You are known as a guy who cuts costs and raises prices. You have raised prices quite sharply [for some streaming plans] and parks. And you got feedback from superfans. How far can you keep raising prices and is their unwillingness creating a problem for the brand?

We all love our fans equally. We love superfans, obviously. But we also love fans who don’t have the same expression of their fandom. We want to make sure that our super fans who like to come with annual passes and use [the parks] as a personal playground – we love it. We celebrate that. But at the same time, we have to make sure there’s room in the park for the Denver family that comes once every five years. We didn’t have a reservation system and we didn’t control how many annual passes we gave out and frankly the annual pass as a value was so big that people were literally coming all the time and the accessibility of the park was unlimited for them and this family from Denver would arrive at the park and not be let in. It doesn’t seem like a really balanced proposition. I guess it’s possible that superfans may see this as a disadvantage of how they consume the park, but we need to make sure that not only are we considering the needs of our superfans, but we’re considering the needs of everyone world that travels from across the country once every five years. We have a real high-class problem: we have a lot more demand than there is supply. What we won’t bend over is giving someone a less than stellar experience in the parks because we’ve stuck too many people there. If we’re going to have that fundamental rule, you have to start balancing who you let in. … Our ticket prices and the constraints we place on how often people can come and when they come directly reflect demand. When is it too much? The demand will tell us when it is too much.

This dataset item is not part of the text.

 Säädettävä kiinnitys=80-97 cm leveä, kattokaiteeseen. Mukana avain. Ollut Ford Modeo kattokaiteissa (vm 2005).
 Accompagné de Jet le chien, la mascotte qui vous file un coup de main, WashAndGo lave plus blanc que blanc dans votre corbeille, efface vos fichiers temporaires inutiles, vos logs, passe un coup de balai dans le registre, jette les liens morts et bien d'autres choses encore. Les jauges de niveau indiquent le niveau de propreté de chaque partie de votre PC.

You had bumps at the start. If you had to do it again with Scarlett Johansson, would you do it differently?

There were a lot of people who got a vote on how we handled this. And I was one voice, and I’ll just say our relationship with her and her agency has never been better.

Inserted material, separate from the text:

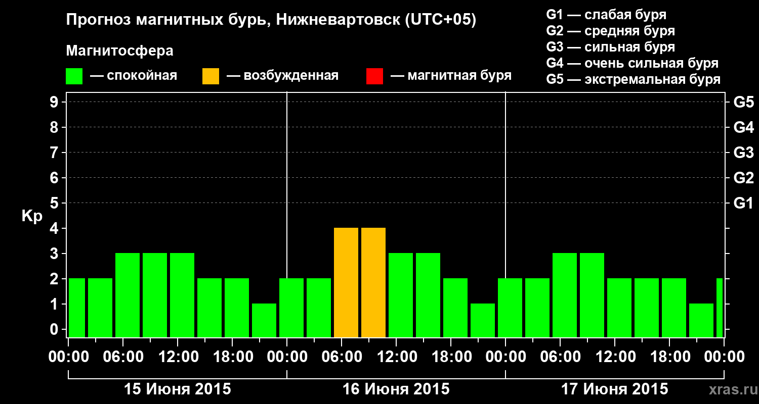 Прогноз магнитных бурь в Нижневартовске — 15 июня 2015 года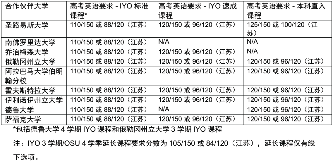 圣路易斯大学的直入要求为:125/150分制,或100/120分制﹙江苏﹚。

You apologized to the staff on “Don’t Say Gay”. This problem caused you a lot of trouble no matter what you were doing. Do you feel you have regained the staff’s trust?

These are complex social issues where we absolutely and positively want to represent the needs and expectations of our stakeholders, but we also realize that sometimes, in such a divided world, there is no alignment between what are possibly broad constituencies of our guest and consumer base. are looking for in terms of the type of content they want to show their children at this particular time. What we try to do is be everything to everyone. It tends to be very difficult because we are the Walt Disney Company. When you are a lightning rod for clicks and for political discourse, the essence of our brand can be hijacked or misused to try to meet the needs of a particular group’s agenda. We want to rise above that. We believe Disney is a place where people can come together with shared values ​​about what an optimistic and ideal future can be. We certainly don’t want to get caught up in political gimmicks, but at the same time, we also realize that we want to represent a brighter future for families of all types, however they define themselves.

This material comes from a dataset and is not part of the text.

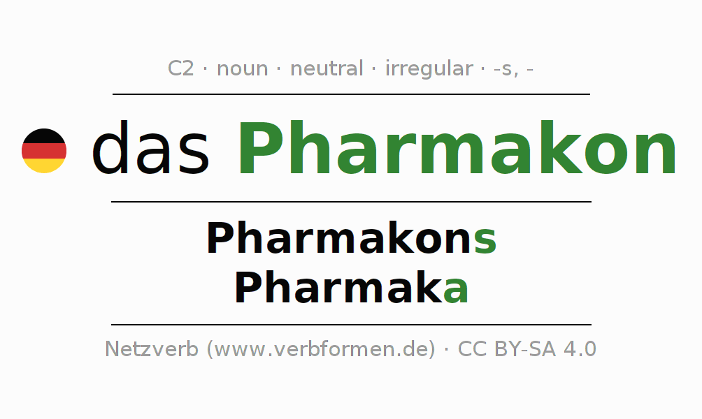 - Singular: das Pharmakon, des Pharmakons, dem Pharmakon, das Pharmakon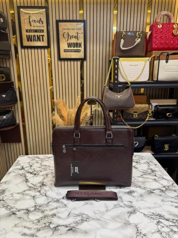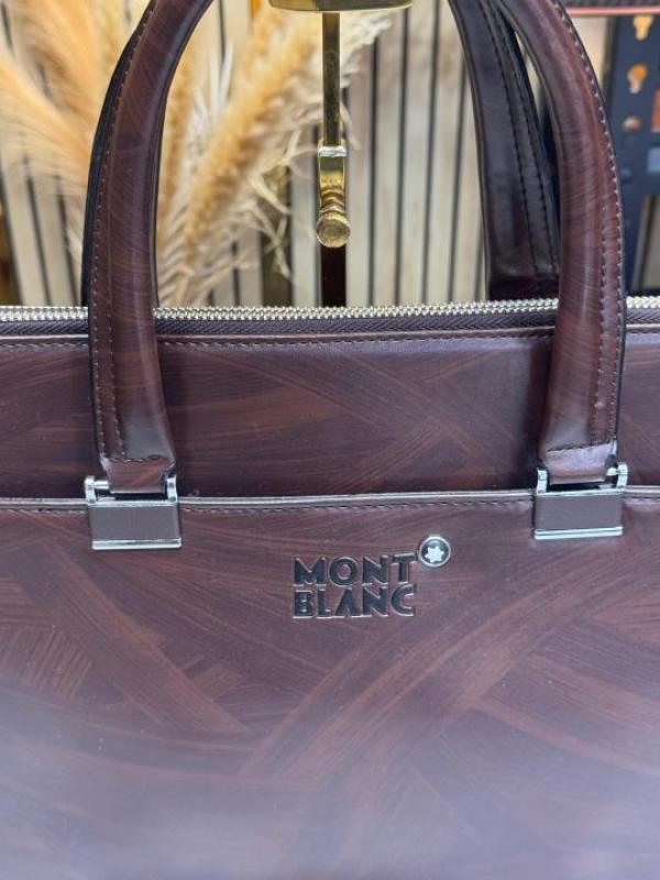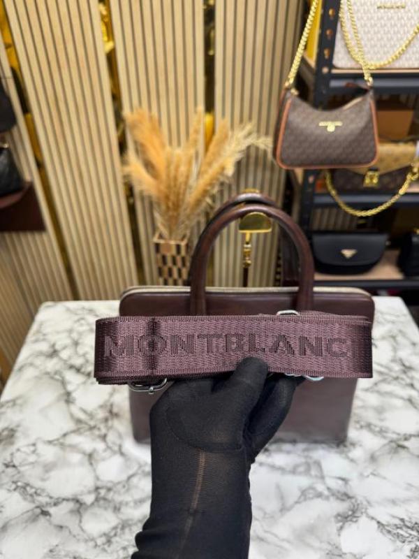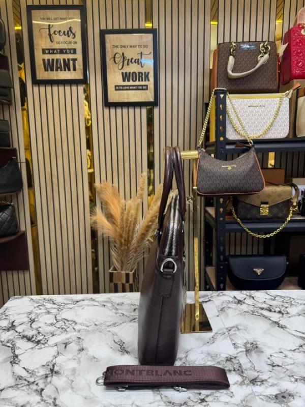 Mont Blanc Dark Brown Leather Laptop Bag With Shoulder Strap

And the staff? Do they feel that about you?

We are a very close-knit, big and happy family. I think our staff saw how tough I stood during the ultimate barrage of attacks from certain political constituencies and frankly I think it was much stronger, much longer and much more difficult than they never could have imagined and we held on. So I think it’s safe to say that actions speak louder than words, and they saw resilience and consistency no matter how strong the attacks.

Interview edited for length and clarity.